Effects of core fucosylation and sialylation on in vitro ADCC. Raji cells were coated with the indicated concentrations of each glycovariant, and the cells were washed and incubated at a 1:1 ratio with PBMCs from four different leukocyte donors for 3.5 h before cell surface CD107a expression was assessed on CD56⁺CD3⁻ NK cells by immunofluorescence staining with flow cytometry analysis. Values represent the mean ± SEM frequency of CD107a⁺ cells among NK cells from cultures with the indicated cells from four individual leukocyte donors. Significant differences between the indicated sample and the corresponding G2F glycovariant sample are shown. *P < 0.05; **P < 0.01.

Fig. 4.

Effects of core fucosylation and sialylation on in vivo killing of B cells in FcγR-humanized mice. huCD20/FcγR-humanized mice (n = 4 per group) were given 2 mg/kg of the indicated rituximab huIgG1 glycovariant 2 d before analysis of the blood. (A) Mean ± SEM frequencies of B220⁺ cells among live, single lymphocytes. (B) Mean ± SEM absolute number of B220⁺ cells.
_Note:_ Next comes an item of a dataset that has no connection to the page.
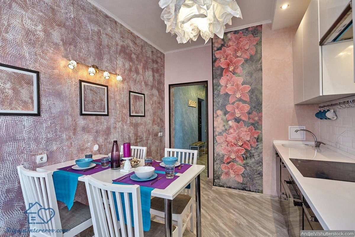 Обои в интерьере кухни
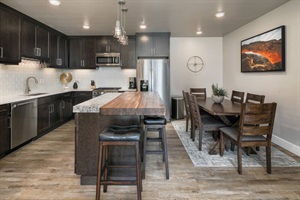 3 Bedrooms • 3 Bathrooms (2 full, 1 half) 3 Baths (2 full, 1 half) • Sleeps 7-12A luxury condo with amazing views and private hot tub! The open and inviting living area is the perfect place to relax after a day of outdoor adventures. The chef friendly kitchen include stainless steel appliances, granite counter tops, and enough pots, pans, silverwares for basic cooking needs. Plenty of trailer parking for any off-road adventure. The amazing year-round heated pool has multiple hot tubs, water features, fires, grills, and bocce ball. Kids love the walk-in portion of the pool.

Significant differences between the indicated sample and the G2F glycovariant sample are shown. *P < 0.05; **P < 0.01.

Fig. 5.

Effects of core fucosylation and sialylation on in vivo killing of CD4⁺ T cells in FcγR-humanized mice. FcγR-humanized mice (n = 3 per group) were given 2 mg/kg of the indicated GK1.5 huIgG1 glycovariant 2 d before analysis of the blood. (A) Mean ± SEM frequencies of CD4⁺ cells among live, single lymphocytes from the indicated tissue. (B) Mean ± SEM absolute number of CD4⁺ cells. Significant differences between the indicated sample and the corresponding G2F glycovariant sample are shown. *P < 0.05; **P < 0.01.